> _Goal of the exercise_:
Would you repeat the data below exactly, taking out the images?

> _Exercise data_:
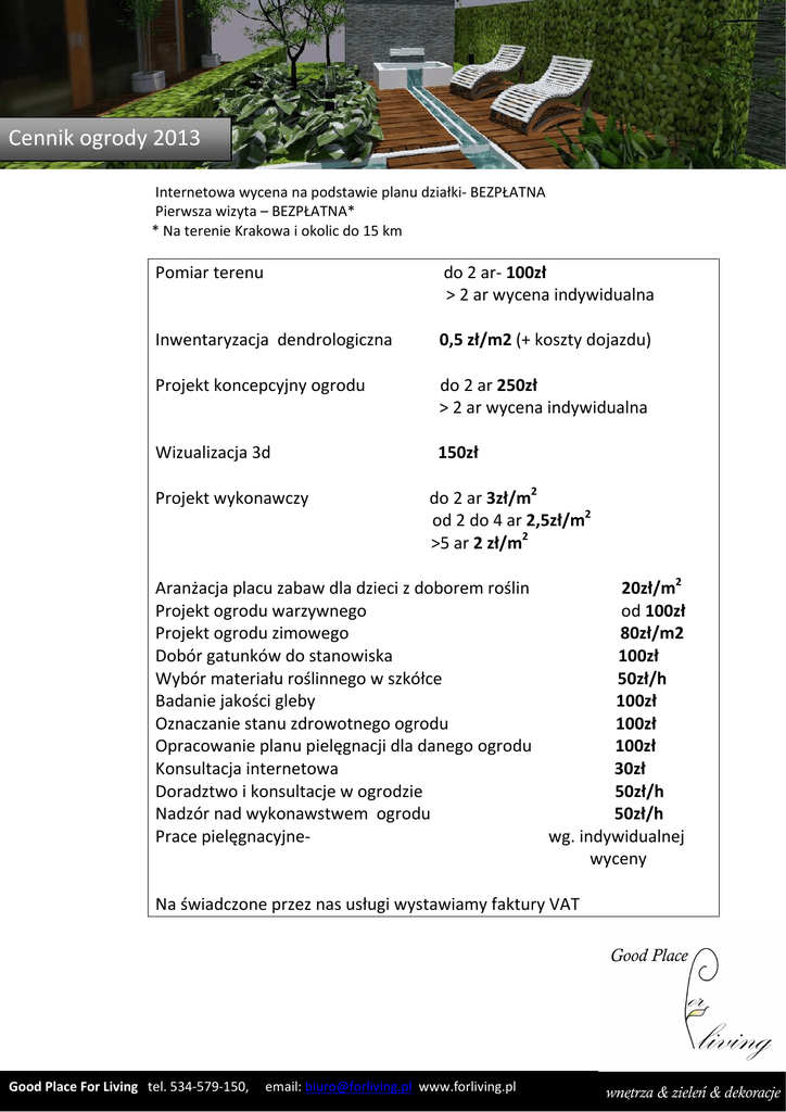 Cennik ogrody 2013 Cennik ogrody Internetowa wycena na podstawie planu działki- BEZPŁATNA Pierwsza wizyta – BEZPŁATNA* * Na terenie Krakowa i okolic do 15 km Pomiar terenu do 2 ar- 100zł > 2 ar wycena indywidualna Inwentaryzacja dendrologiczna 0,5 zł/m2 (+ koszty dojazdu) Projekt koncepcyjny ogrodu do 2 ar 250zł > 2 ar wycena indywidualna Wizualizacja 3d 150zł Projekt wykonawczy do 2 ar 3zł/m2 od 2 do 4 ar 2,5zł/m2 >5 ar 2 zł/m2 Aranżacja placu zabaw dla dzieci z doborem roślin 20zł/m2 Projekt ogrodu warzywnego od 100zł Projekt ogrodu zimowego 80zł/m2 Dobór gatunków do stanowiska 100zł Wybór materiału roślinnego w szkółce 50zł/h Badanie jakości gleby 100zł Oznaczanie stanu zdrowotnego ogrodu 100zł Opracowanie planu pielęgnacji dla danego ogrodu 100zł Konsultacja internetowa 30zł Doradztwo i konsultacje w ogrodzie 50zł/h Nadzór nad wykonawstwem ogrodu 50zł/h Prace pielęgnacyjnewg. indywidualnej wyceny Na świadczone przez nas usługi wystawiamy faktury VAT Good Place For Living tel. 534-579-150, email: [email protected] www.forliving.pl
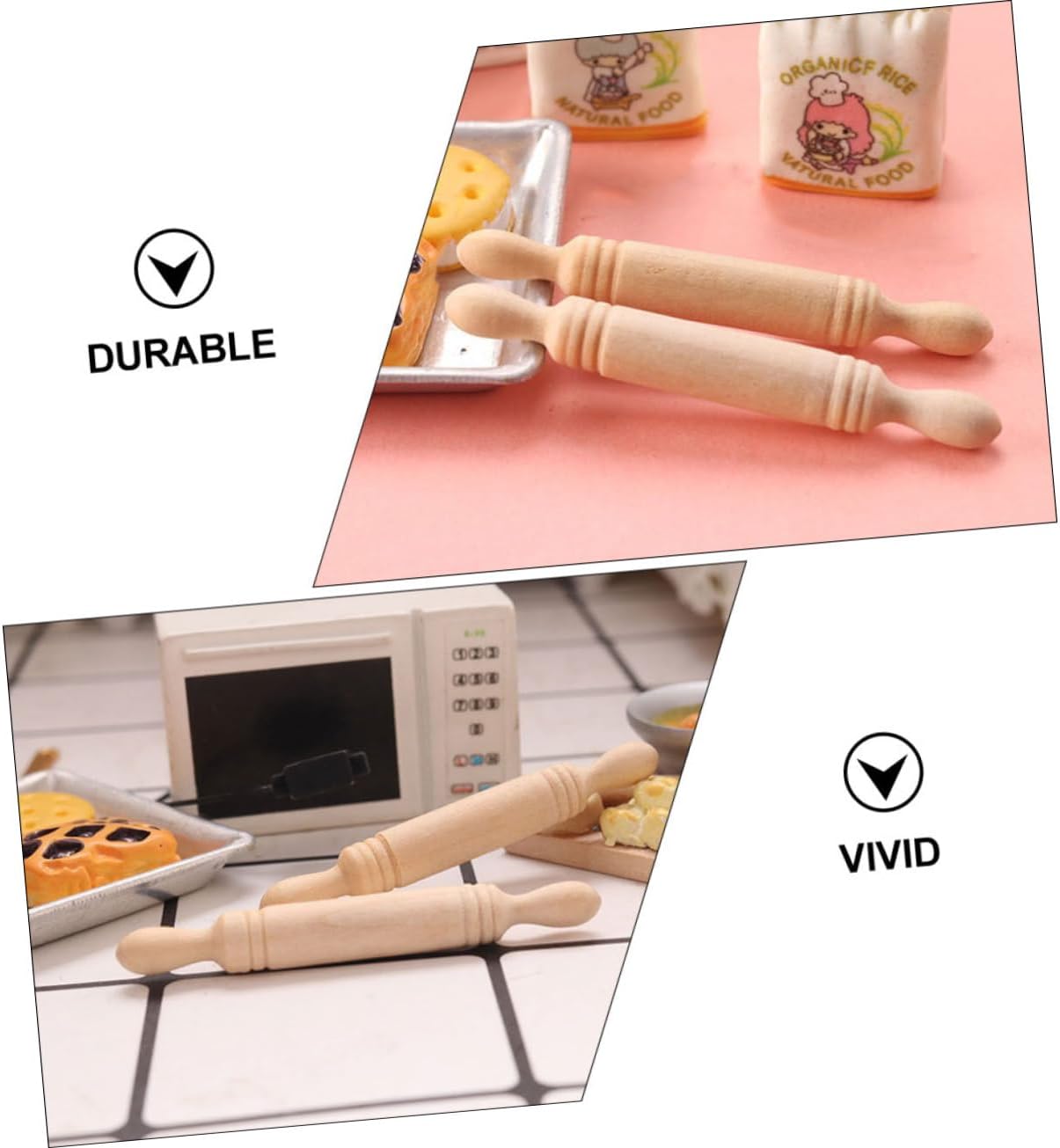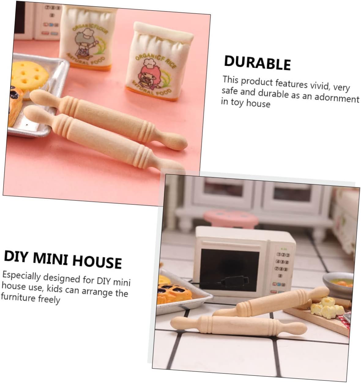 da gioco per la casa: può essere usato supporto fotografico per scattare bellissime , decorative e . Mini case: possono essere utilizzate anche ornamenti da scrivania con questo modello divertente e delicato. Accessorio per giocare con il cibo in miniatura: una scelta regalo per i tuoi amici che amano i mini oggetti in legno, decorativi e chic. Mini utensili da cucina: regali perfetti per i tuoi bambini, saranno molto felici di decorare la loro mini stanza. Piccolo utensile da cucina per bambini: realizzato in materiale di qualità, nessun danno, sicuro, facile da rompere, .
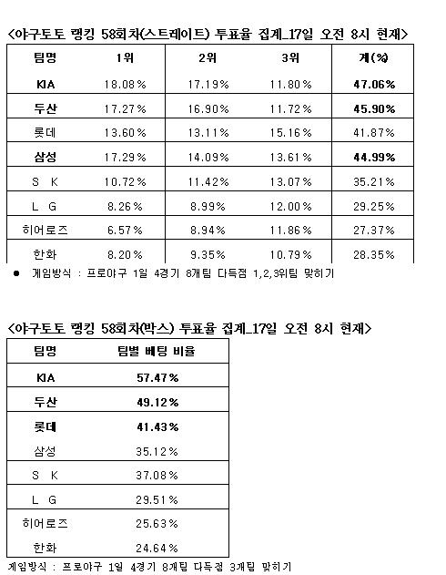 [야구토토] 야구팬들은 18일에 열리는 야구토토 랭킹 58회차 게임 대상 8개팀 가운데 KIA, 두산, 삼성의 다득점을 예상하고 있는 것으로 나타났다. 스포츠토토 공식발매 사이트인 베트맨(www.betman.co.kr)은 18일(화)에 개최되는 두산-LG, 한화-삼성, KIA-히어로즈, 롯데-SK전 등 4경기 8개팀을 대상으로 한 야구토토 랭킹 58회차 스트레이트 게임 중간집계결과 KIA(47.06%), 두산(45.90%), 삼성(44.99%)를 다득점 상위 3개팀으로 꼽았다고 밝혔다. 반면 히어로즈와 한화는 각각 27.37%와 28.35%를 득표해 다득점 가능성이 가장 낮은 것으로 나타났다. 순위에 상관없이 다득점 3개팀만을 맞히는 ‘박스’ 게임 역시 KIA(57.47%)가 최다득표를 기록한 가운데, 두산(49.12%), 롯데(41.43%)가 뒤를 이었다. 반면 한화(24.64%)와 히어로즈(25.63%)는 리그 8개 팀 중 가장 적은 득점을 기록할 것으로 내다봤다. 베트맨 관계자는 “국내 야구팬들은 주중 프로야구 경기를 대상으로 발행하는 야구토토 랭킹 게임에서 KIA가 8개 팀 중 가장 많은 득점을 기록할 것으로 전망했다” 며 “특히 KIA의 경우 최근 가파른 상승세를 타고 있는데다 최희섭, 김상현 등 타격이 폭발하고 있기 때문에 다득점 가능성이 가장 높은 팀으로 떠오르고 있다” 고 밝혔다. 한편, 야구토토 랭킹 58회차 게임은 경기 시작 10분전인 18일 오후 6시 20분에 발매가 마감되며, 경기가 모두 종료된 후 적중결과가 공식 발표된다. 이어지는 야구토토 랭킹 59회차 게임은 19일(수)에 벌어지는 두산-LG, 한화-삼성, KIA-히어로즈, 롯데-SK전을 대상으로 하며 경기 시작 10분전인 19일 오후 6시20분에 발매가 마감된다. http://www.betman.co.kr">'즐거운 스포츠, 즐거운 토토'(http://www.betman.co.kr).
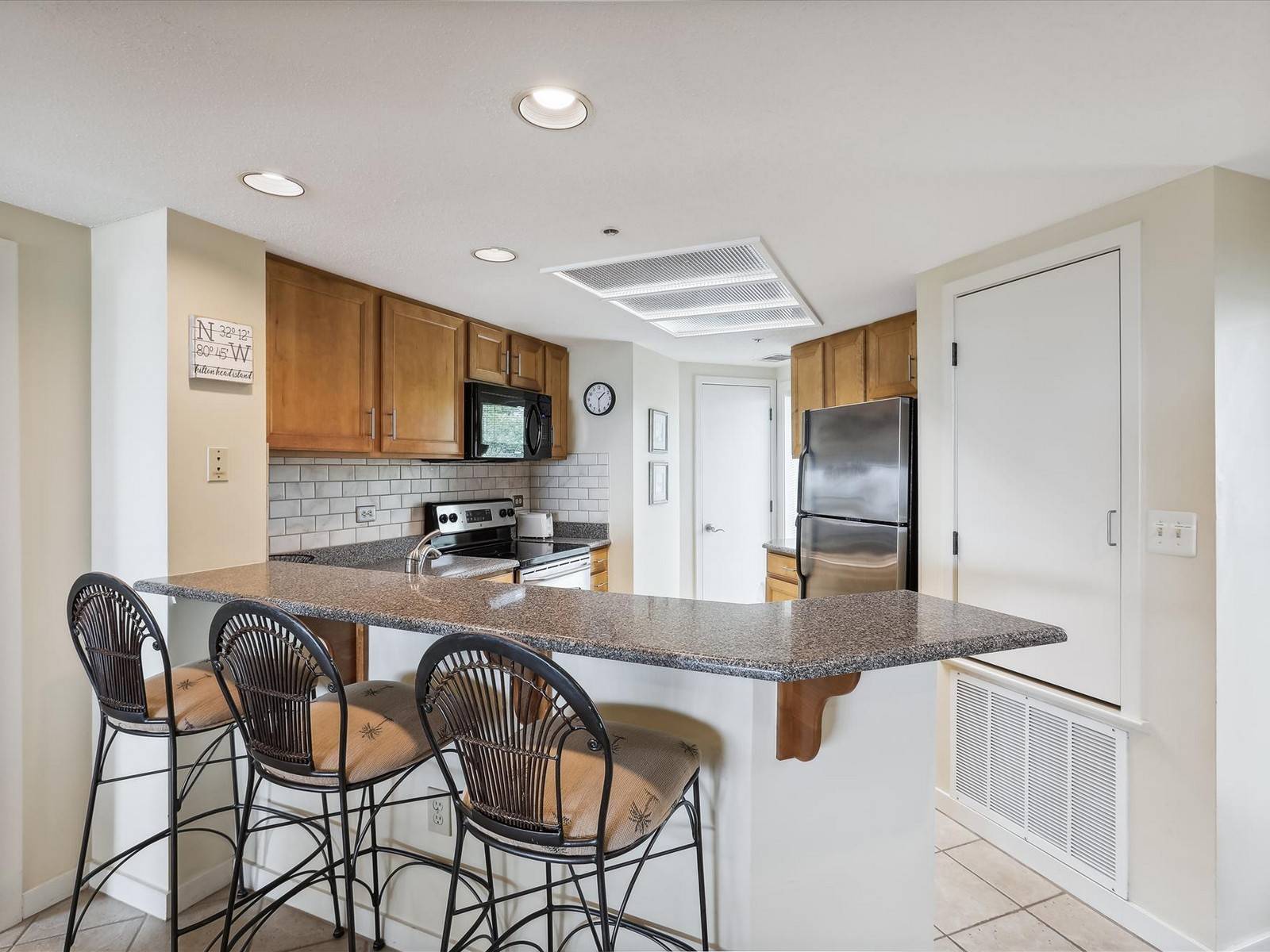 Inside this fifth floor rental, you’ll find an updated kitchen with stainless steel appliances and a breakfast bar, a dining area with seating for four, and a living room with a 50″ SMART TV and access out to the private, furnished balcony with beach and ocean views.

> _The answer_:
 Cennik ogrody 2013 Cennik ogrody Internetowa wycena na podstawie planu działki- BEZPŁATNA Pierwsza wizyta – BEZPŁATNA* * Na terenie Krakowa i okolic do 15 km Pomiar terenu do 2 ar- 100zł > 2 ar wycena indywidualna Inwentaryzacja dendrologiczna 0,5 zł/m2 (+ koszty dojazdu) Projekt koncepcyjny ogrodu do 2 ar 250zł > 2 ar wycena indywidualna Wizualizacja 3d 150zł Projekt wykonawczy do 2 ar 3zł/m2 od 2 do 4 ar 2,5zł/m2 >5 ar 2 zł/m2 Aranżacja placu zabaw dla dzieci z doborem roślin 20zł/m2 Projekt ogrodu warzywnego od 100zł Projekt ogrodu zimowego 80zł/m2 Dobór gatunków do stanowiska 100zł Wybór materiału roślinnego w szkółce 50zł/h Badanie jakości gleby 100zł Oznaczanie stanu zdrowotnego ogrodu 100zł Opracowanie planu pielęgnacji dla danego ogrodu 100zł Konsultacja internetowa 30zł Doradztwo i konsultacje w ogrodzie 50zł/h Nadzór nad wykonawstwem ogrodu 50zł/h Prace pielęgnacyjnewg. indywidualnej wyceny Na świadczone przez nas usługi wystawiamy faktury VAT Good Place For Living tel. 534-579-150, email: [email protected] www.forliving.pl
 da gioco per la casa: può essere usato supporto fotografico per scattare bellissime , decorative e . Mini case: possono essere utilizzate anche ornamenti da scrivania con questo modello divertente e delicato. Accessorio per giocare con il cibo in miniatura: una scelta regalo per i tuoi amici che amano i mini oggetti in legno, decorativi e chic. Mini utensili da cucina: regali perfetti per i tuoi bambini, saranno molto felici di decorare la loro mini stanza. Piccolo utensile da cucina per bambini: realizzato in materiale di qualità, nessun danno, sicuro, facile da rompere, .
 [야구토토] 야구팬들은 18일에 열리는 야구토토 랭킹 58회차 게임 대상 8개팀 가운데 KIA, 두산, 삼성의 다득점을 예상하고 있는 것으로 나타났다. 스포츠토토 공식발매 사이트인 베트맨(www.betman.co.kr)은 18일(화)에 개최되는 두산-LG, 한화-삼성, KIA-히어로즈, 롯데-SK전 등 4경기 8개팀을 대상으로 한 야구토토 랭킹 58회차 스트레이트 게임 중간집계결과 KIA(47.06%), 두산(45.90%), 삼성(44.99%)를 다득점 상위 3개팀으로 꼽았다고 밝혔다. 반면 히어로즈와 한화는 각각 27.37%와 28.35%를 득표해 다득점 가능성이 가장 낮은 것으로 나타났다. 순위에 상관없이 다득점 3개팀만을 맞히는 ‘박스’ 게임 역시 KIA(57.47%)가 최다득표를 기록한 가운데, 두산(49.12%), 롯데(41.43%)가 뒤를 이었다. 반면 한화(24.64%)와 히어로즈(25.63%)는 리그 8개 팀 중 가장 적은 득점을 기록할 것으로 내다봤다. 베트맨 관계자는 “국내 야구팬들은 주중 프로야구 경기를 대상으로 발행하는 야구토토 랭킹 게임에서 KIA가 8개 팀 중 가장 많은 득점을 기록할 것으로 전망했다” 며 “특히 KIA의 경우 최근 가파른 상승세를 타고 있는데다 최희섭, 김상현 등 타격이 폭발하고 있기 때문에 다득점 가능성이 가장 높은 팀으로 떠오르고 있다” 고 밝혔다. 한편, 야구토토 랭킹 58회차 게임은 경기 시작 10분전인 18일 오후 6시 20분에 발매가 마감되며, 경기가 모두 종료된 후 적중결과가 공식 발표된다. 이어지는 야구토토 랭킹 59회차 게임은 19일(수)에 벌어지는 두산-LG, 한화-삼성, KIA-히어로즈, 롯데-SK전을 대상으로 하며 경기 시작 10분전인 19일 오후 6시20분에 발매가 마감된다. http://www.betman.co.kr">'즐거운 스포츠, 즐거운 토토'(http://www.betman.co.kr).
 Inside this fifth floor rental, you’ll find an updated kitchen with stainless steel appliances and a breakfast bar, a dining area with seating for four, and a living room with a 50″ SMART TV and access out to the private, furnished balcony with beach and ocean views.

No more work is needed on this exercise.